Southern Europe faces the bleakest outlook. Already home to the
continent’s lowest timber values, it stands to suffer further
declines as drought and wildfire threats escalate. The authors
stress that while productivity gains may cushion forests in
Northern and parts of Central Europe, they will not materialise
in the south.
To curb economic damage and build resilience, the study urges
three key silviculture reforms:
- Diversify species mixes so no single disturbance agent can
decimate large stands
- Shorten rotation lengths by as little as five years—field
trials show this can cut disturbance-related losses by 10–20%
- Establish mixed-species plantations that pair fast-growing
varieties with more resilient trees
However, the authors caution that these measures carry
trade-offs for carbon storage, biodiversity and habitat value,
and must be tailored to each region.
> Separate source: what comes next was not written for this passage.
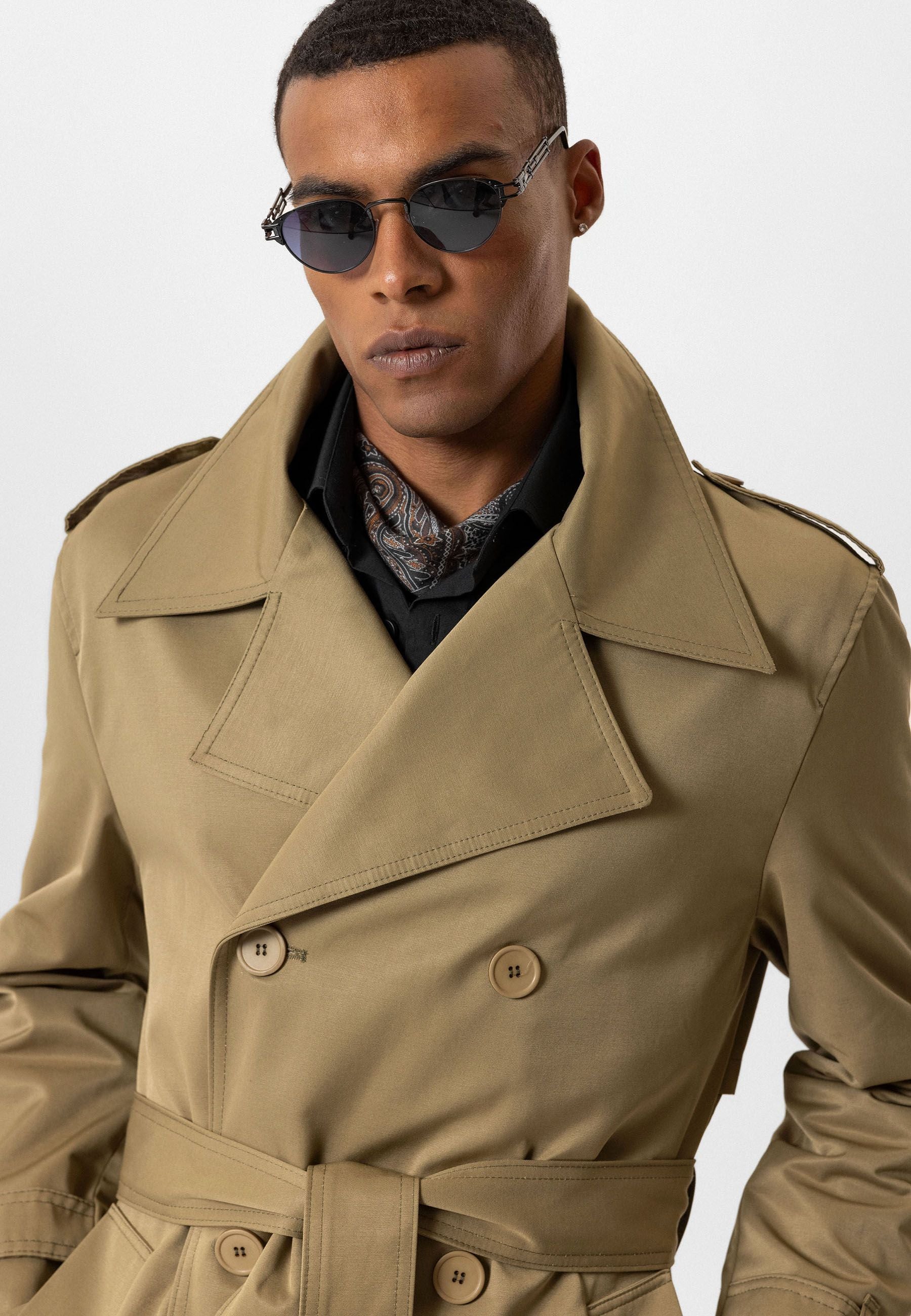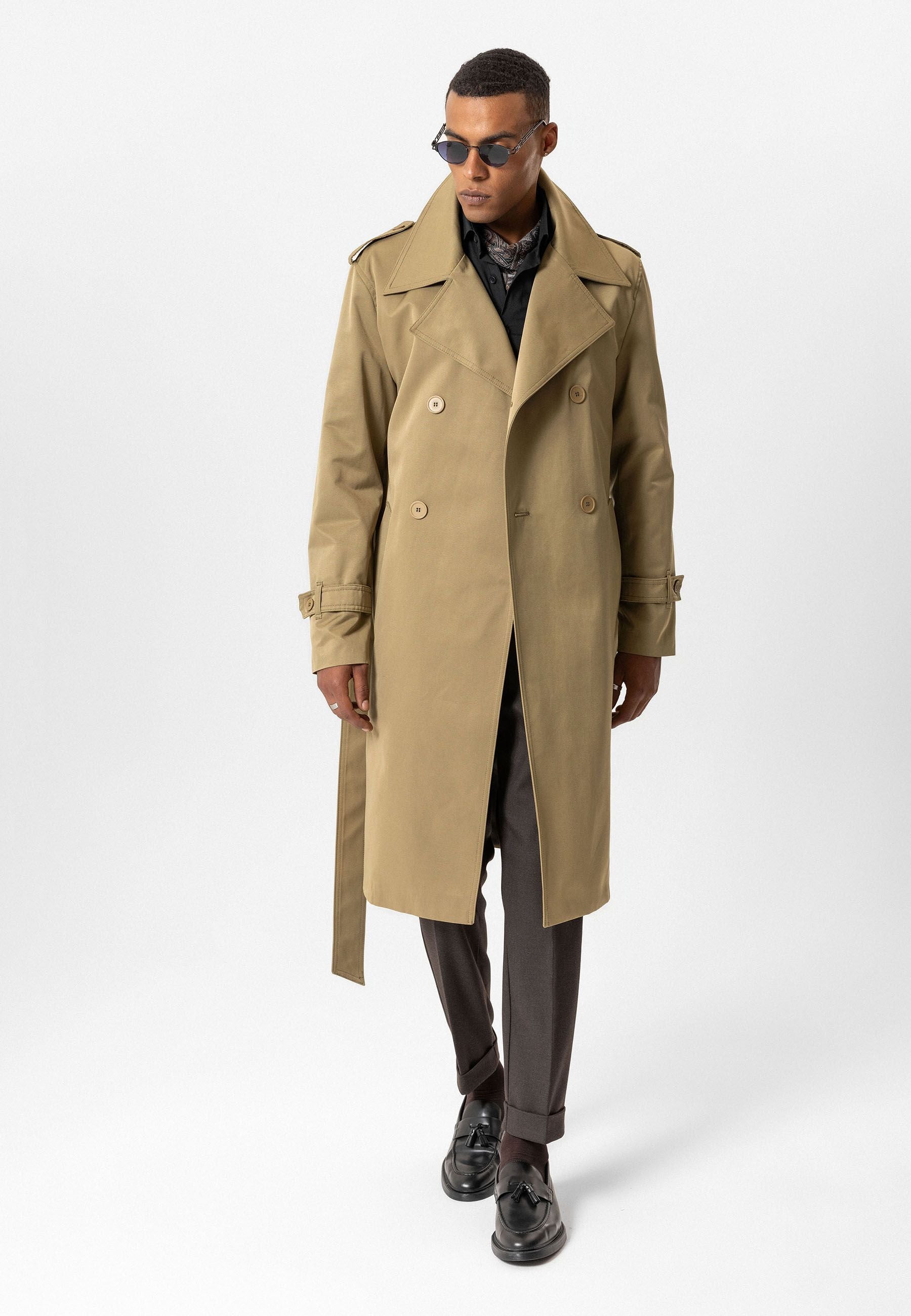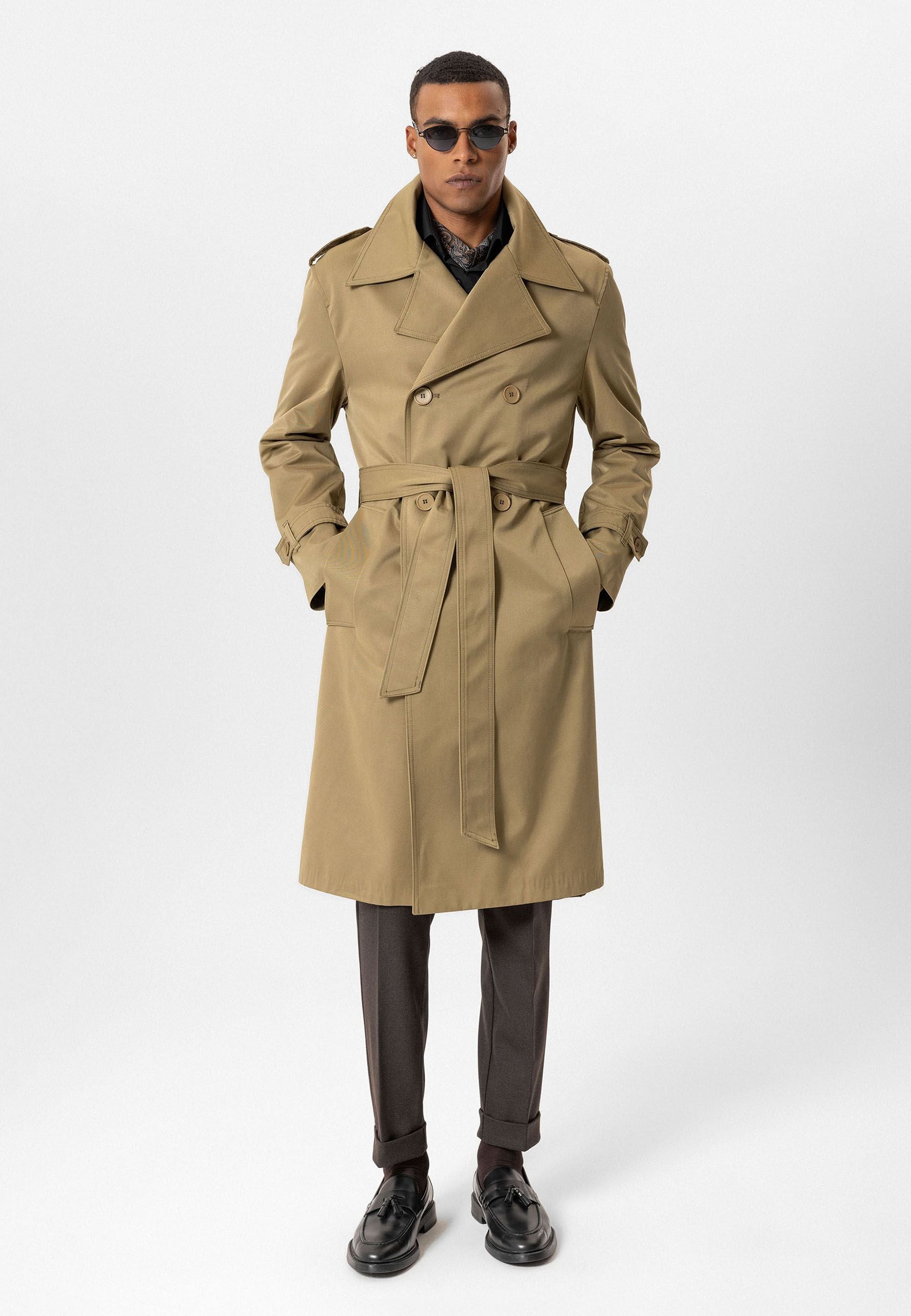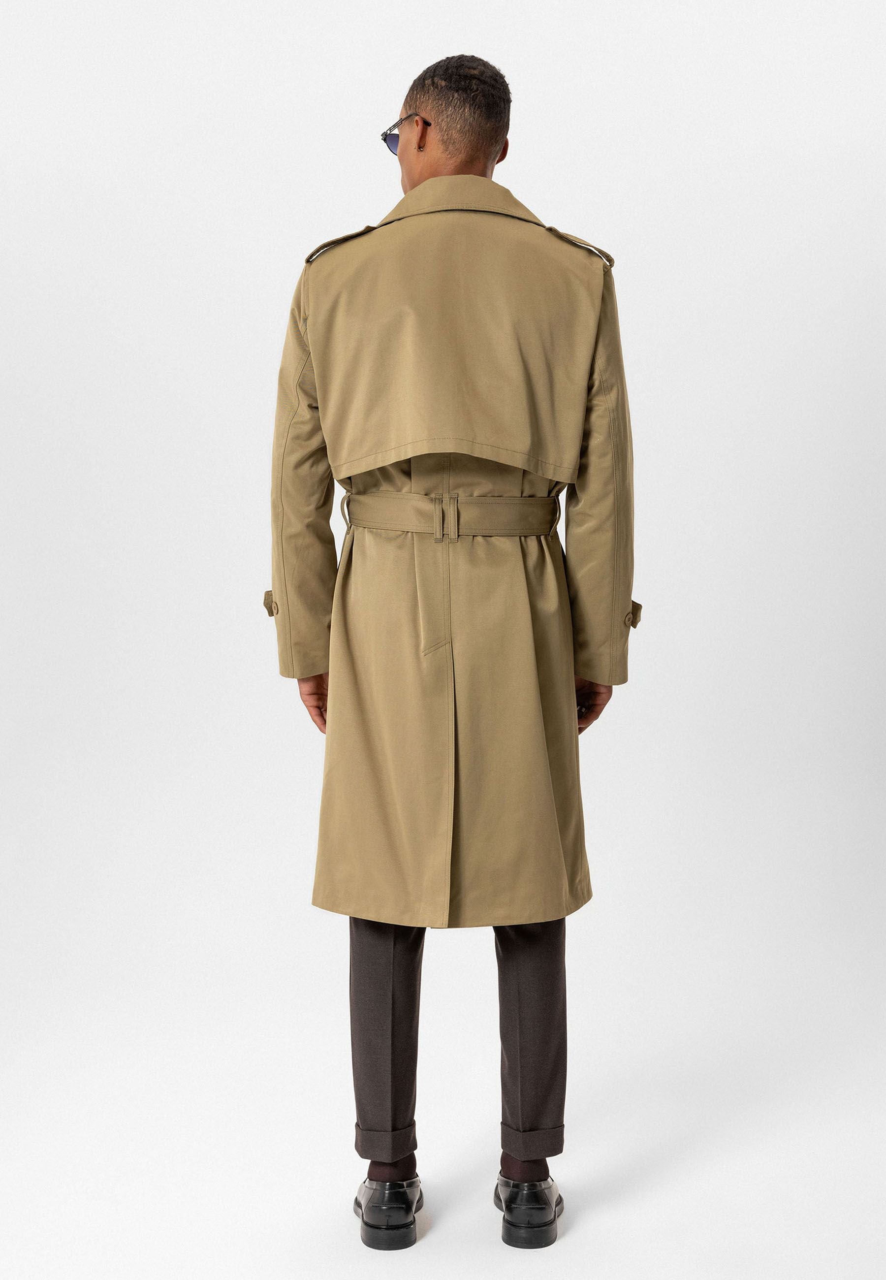 Relax Fit, Welt Pocket Trenchcoat. Material 75% Cotton 25% Polyester. Do not tumble dry, Dry clean only, do not wash, Do not iron, do not bleach. Our Model is 186 cm tall and is wearing size M

Critically, only under a
low-warming scenario (RCP2.6), which limits end-century
temperature rise to about 1.5 °C, do productivity gains outweigh
escalating disturbance costs across all of Europe. “Mitigating
climate change can avoid substantial disturbance-related costs
in the forestry sector,” Mohr said, adding that in a
high-emissions future, severe losses—particularly in Central and
Southern Europe—are all but certain.